Pierce Brosnan is at his best and most hilarious in Richard Sherpherd's The Matador (2005), as a booze-drenched over the hill hit-man who loves bullfights, tacky clothes and teenage girls. It is his unapologetic lust for the latter that provide some great laughs in the film.. There is nothing funnier than hearing a sleazy, broken-down version of James Bond exclaim after ogling some Catholic schoolgirls, "God I hate these Catholic countries; it's all blushy blushy, no suckie fuckie."
So Brosnan has a terrifically dirty mouth in The Matador and this is juxtaposed with Greg Kinnear's goody-goody family man character in their newfound, unlikely friendship. Both these characters elicit real sympathy, but especially Brosnan who should be a very unlikable character, a man desperate for a meaningful relationship in his life but just can't stop himself from saying the wrong things. We follow these two very different men as they learn from each other and start changing their lives, projecting equal doses of heart and humour.
The Matador effective in the sense that it mixes absurdity and quirkiness just right and glazes it with a dark comedy coating feel. It is also quite funny thanks to its Brosnan performance, but it does not have much in the way of a plot and no other characters or detours are even worth mentioning - so it is sadly very forgettable. Still, if you are even a slight fan of Brosnan's I urge you to see this film which is easily his greatest performance, and it's a crime he wasn't showered with awards for it.

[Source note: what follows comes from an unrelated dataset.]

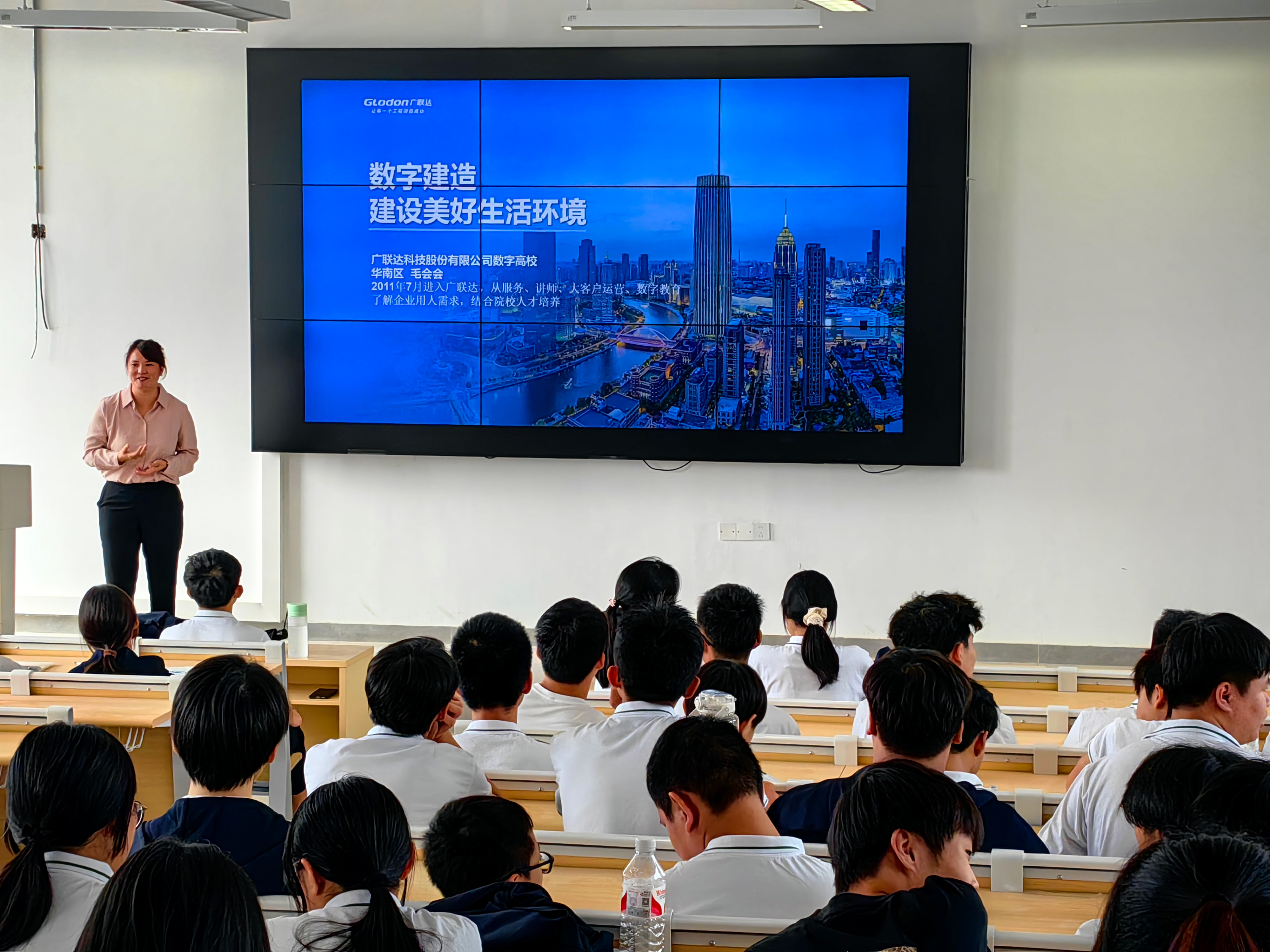 9月25日上午,建筑工程组邀请了广联达科技股份有限公司的华南区域总监毛会会、广联达华南区区域经理朱军练为建筑工程组所有专业的新生进行了广联达企业介绍及行业发展现状与趋势的授课。

"Julian Noble" (Pierce Brosnan) is a murderer who is experiencing a
profound existential crisis. While in Mexico DF to fulfill a request
meets "Danny Wright" (Greg Kinnear), who is there to solve a business.

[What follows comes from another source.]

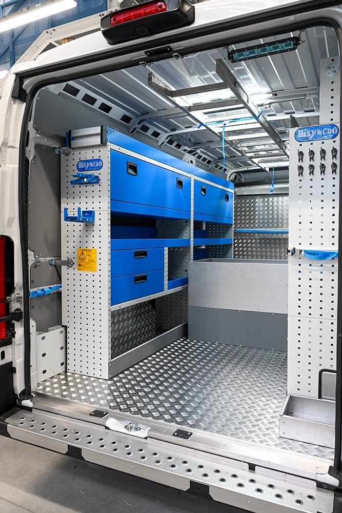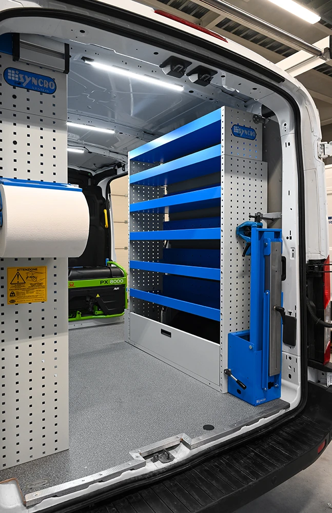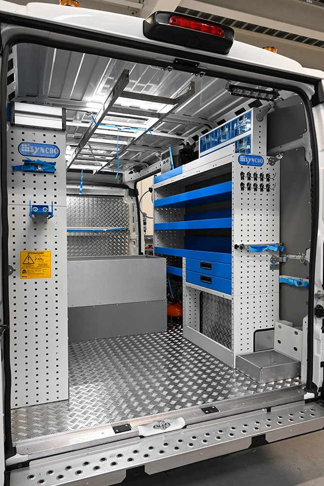 ¿Cómo distribuir el espacio en la furgoneta? Las posibilidades con Syncro son infinitas; la dificultad de elección se supera poniendo en línea las necesidades operativas, los espacios efectivos y la frecuencia de uso de los distintos componentes a introducir.

"Danny" lives in Denver with his wife "Bean" and, although they have
some economic problems, seem happy after ten years of marriage. L
"Danny" is proposed to achieve a major contract: if he can accept your
project will solve all your financial problems, if, however, reject it
will be condemned to live in a very precarious situation. "Julian" and
"Danny" fall soon realized that, despite having nothing in common, they
need each other.
The relationship that develops between two important businessmen, each in its field, far from their place of origin, is the real value of this film. One of them declined, with regrets that devour him, turned to alcohol and aware of his tremendous loneliness. And the other character also disenchanted with life, immersed in a solitude voluntary death of his infant son, and full of fears for the job failure. The two coincide at a bar. and the two will at the same time needed to complete the lack of a good friend to her. Then make contact, contact, awkward, but a contact that is superbly led, beautifully narrated, like a romantic episode, with some nice sequences, and other moments of tension and suspicion are also spot on. The two men show their desire to be known, have realized that without a friend to talk nonsense and fun, and get it despite being so different. Whoever sees this film with a good heart will find a nice movie, nice and real. Then they separated, because life goes, but friendship has already germinated and there it is.
We know many professional murderers, from Walter Matthau or Edward Fox (The Jackal 1973), all characters in absolute seriousness, an unquestionable professionalism, rigor and a full warranty on their work, they all opposed to "Julian Noble" . "The Matador" is a very funny film, has personality and manages to catch the viewer with his dry humor and their original quarters, it is highly recommended.